When Facebook first appeared, I got on it along with everyone else. It was a bit fun at first - connecting with friends and other people - but it has slowly degraded over time.
For a while, I posted some pictures every day, but I never stuck around to read or check the comments. Then, a number of years ago, I left. I keep the account open to check on some things every 4-6 months on average, but I tend not to comment or stay more than a minute or two.
Today, I checked and I have to say, the experience was overwhelmingly ugly, brutal, and bad.
It's a bit hard to put into words because most people I know still check their Facebook. So let me give you a corollary:
When I moved from NYC to San Francisco in December of 2001, I gave away my TV to a friend. Back then, most TVs were rather large, heavy, and unwieldy things which included a massive CRT. In San Francisco, I had other things on my mind and, since I had a computer, I went back to reading the news and not bothering with a TV.

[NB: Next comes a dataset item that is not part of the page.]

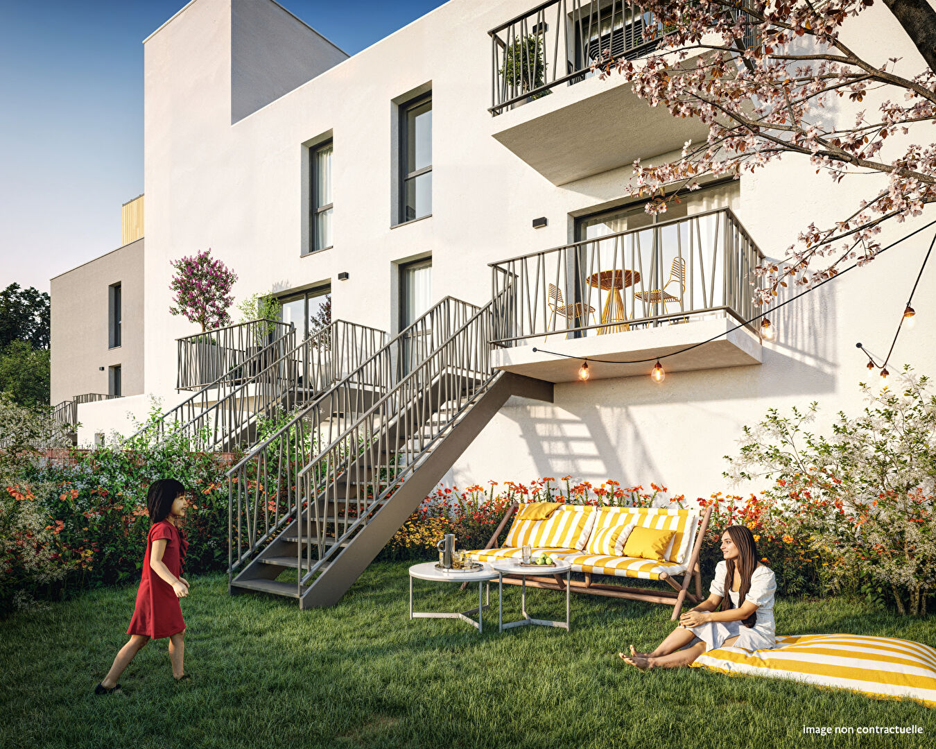 Cette résidence à taille humaine se compose de seulement 14 appartements, répartis sur trois niveaux (R+2 avec attique). Son architecture contemporaine s'accompagne de prestations soignées : chaque logement dispose d'un espace extérieur privatif ? jardin, terrasse ou balcon ? ainsi que d'un accès à un hall sécurisé avec ascenseur.

I ended up not having a TV since 2001. Literally.
After moving to Arizona in 2005, I hadn't watched TV in a few years. Quite literally. A friend of mine put me up right after I moved, and I had my own guest bedroom with a TV in it. A day after arriving, I turned it on.
It was like a shock to the system. There were commercials. Loud commercials. I felt like someone was punching me in the face with solid bags of bullshit. It felt offensive in every way. I had forgotten what it was like and was unprepared for the assault.

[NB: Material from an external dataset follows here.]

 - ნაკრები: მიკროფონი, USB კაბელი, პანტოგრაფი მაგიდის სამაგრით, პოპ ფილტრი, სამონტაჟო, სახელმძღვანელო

You see, like everyone else born in 1970 and that era, I grew up with TV. In the 90s, in Washington DC, our TV was on all the time in the background. I had gotten used to it like everyone else but now, at that point, I wasn't anymore.
I found it so horrifically bad that I was convinced that either:
- Advertisers had slowly been turning up the volume for years, and I had never adjusted for a few of those last ones or
- It was always that rank and I simply was unused to it.
I think it was probably a combination of both.
That experience is what it was like scrolling through Facebook again. It happens, as I say, every now and then. And it's the same experience every time: Was it always that bad? I don't know. But it's very bad.
I imagine that this is what it's like to scroll through Twitter now. I left Twitter ages ago and I officially deleted my account the day that Elon Musk took over (like so many others). I find Bluesky to be interesting at times, but it's mostly all the same - ranting about this administration and the latest outrage. I rarely post. I'm sometimes on Mastodon too, and I've been trying to actively post a bit more in both, but I'll forget about them after a day or so because what I'm seeing there, I'm seeing everywhere in the news anyway. And what little there is that doesn't revolve around the outrages of topical politics is very sparse and mostly puerile.
Lemmy (the federated replacement for Reddit) is mostly the same: Politics and tech. While fascinating, it's again not what I always want to see. Posting won't actually do anything - especially if you live outside of the USA. Nobody cares. Marching in the streets might do something for a little while, but it won't really resolve the problem of an administration which is entirely criminal, ignores the Constitution, and will eventually put guns on the street to prevent anyone from ever taking their power away again.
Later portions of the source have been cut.